Node Exporter Integration
Monitor the monitoring server itself:
# Install Node Exporter
wget https://github.com/prometheus/node_exporter/releases/download/v1.6.1/node_exporter-1.6.1.linux-amd64.tar.gz
tar -xvf node_exporter-1.6.1.linux-amd64.tar.gz
sudo cp node_exporter-1.6.1.linux-amd64/node_exporter /usr/local/bin/
# Create service file
sudo nano /etc/systemd/system/node_exporter.service
[Unit]
Description=Node Exporter
After=network.target
[Service]
User=prometheus
Group=prometheus
Type=simple
Restart=on-failure
ExecStart=/usr/local/bin/node_exporter
[Install]
WantedBy=multi-user.target
# Start service
sudo systemctl daemon-reload
sudo systemctl start node_exporter
sudo systemctl enable node_exporter
API-Based Monitoring Alternative
Use MikroTik API for enhanced monitoring capabilities:
Python API Monitoring Script
#!/usr/bin/env python3
# MikroTik API monitoring script
import librouteros
from prometheus_client import start_http_server, Gauge
import time
# Prometheus metrics
cpu_usage = Gauge('mikrotik_cpu_usage', 'CPU Usage', ['device'])

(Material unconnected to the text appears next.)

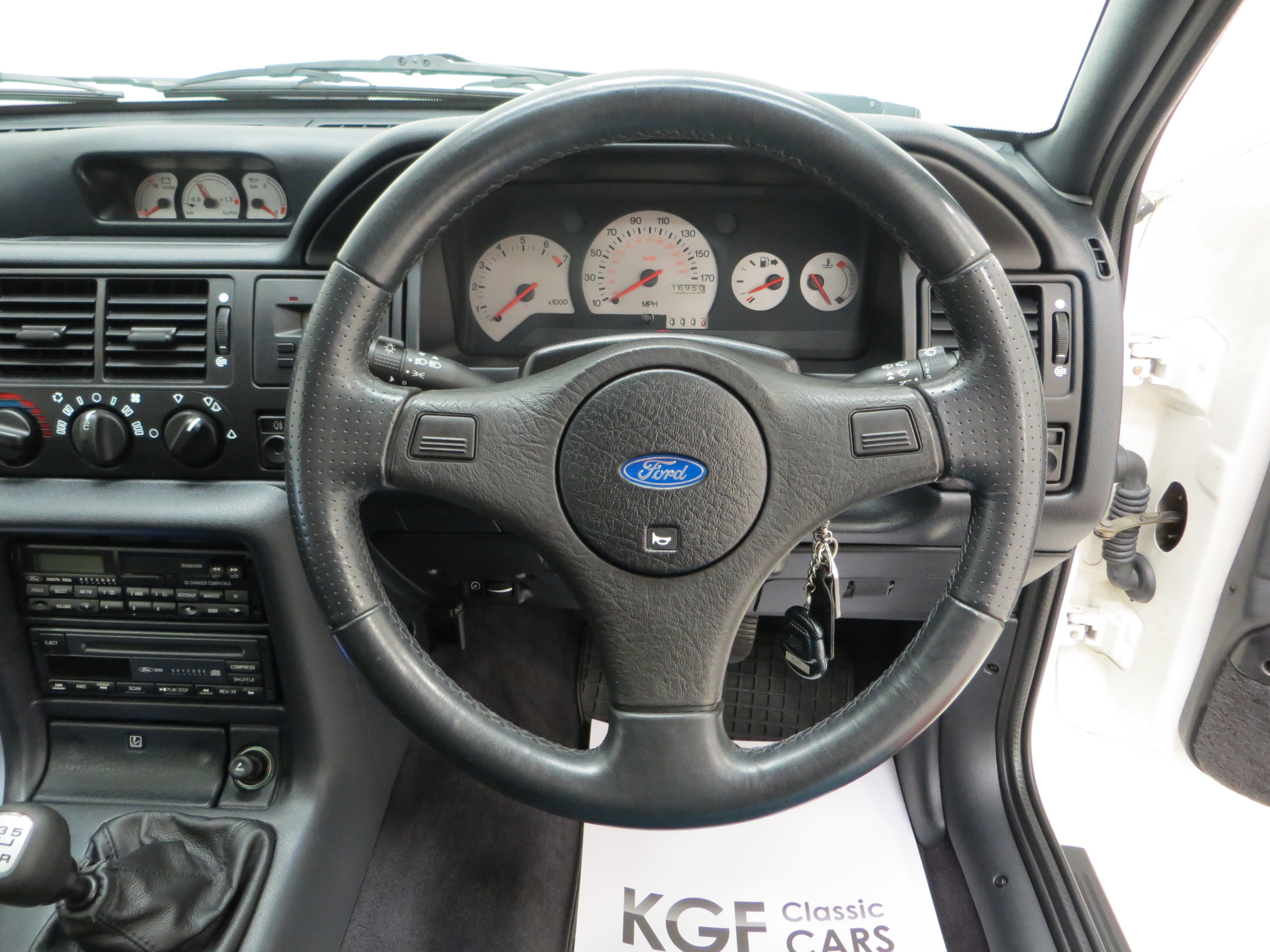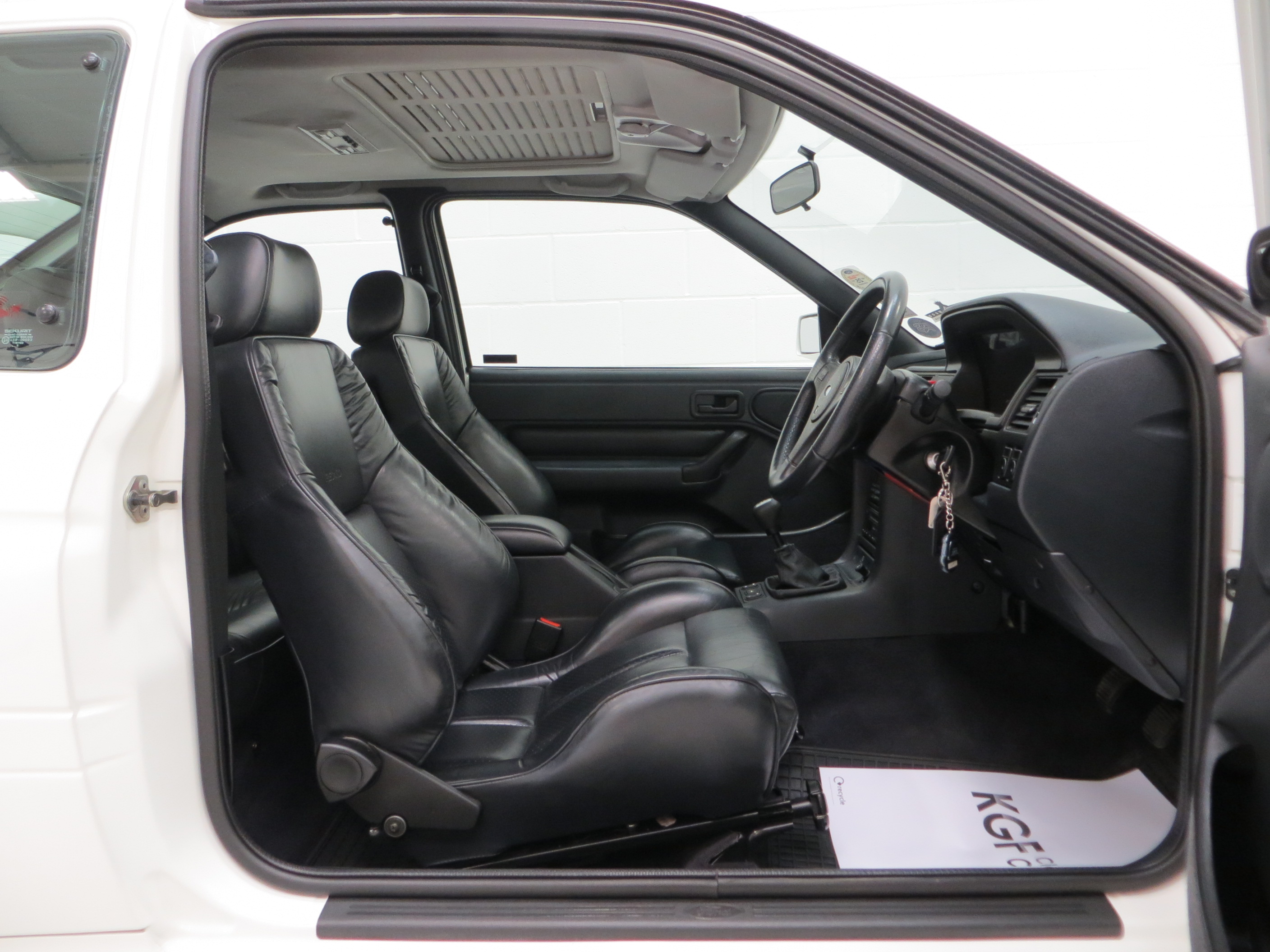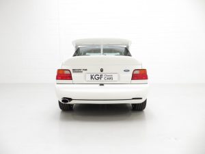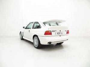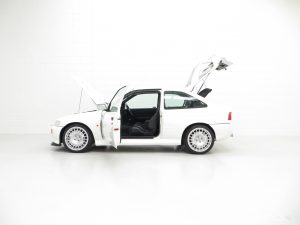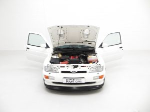 Built at the Rheine Assembly Plant in Germany and registered new on the 8th December 1992 by Ford RS Dealer, Grays of Guilford, making this model one of the highly sought-after 2,500 large turbo homologation specials. The supplying dealer wrote to the first owner, Mr Christopher Pegg, confirming his request to have the car delivered to his home address prior to registration with the omission of window etching, fitting of front spoiler, fitting of number plates and to dewax only, not valet the car. Mr Pegg cossetted his pride and joy covering just 2,469 miles before selling the car to Kevin Rogers after 10 years in August 2002. Mr Rogers worked closely with Mark Burley, the owner of Grove Garage who confirms in a letter dated 7th March 2016 that he ‘personally serviced the car and also completed the power upgrade conversion, Ahmed Bayjoo spent several days mapping the car on the road and it was fitted with one of our first prototype rear beam setups which to this day are still manufactured and sold.’
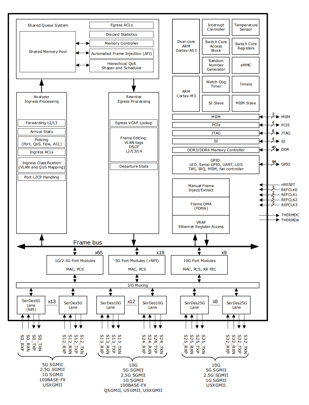 Hardened functions: SPI, 2x I2C, timer/counter, and oscillator

memory_usage = Gauge('mikrotik_memory_usage', 'Memory Usage', ['device'])
interface_rx = Gauge('mikrotik_interface_rx_bytes', 'Interface RX bytes', ['device', 'interface'])
def collect_metrics():
try:
# Connect to MikroTik
api = librouteros.connect(host='192.168.1.1',
username='monitoring',
password='monitoring_password')
# Get system resources
resources = api('/system/resource/print')
cpu_usage.labels(device='192.168.1.1').set(resources[0]['cpu-load'])
# Get interface statistics
interfaces = api('/interface/print', stats=True)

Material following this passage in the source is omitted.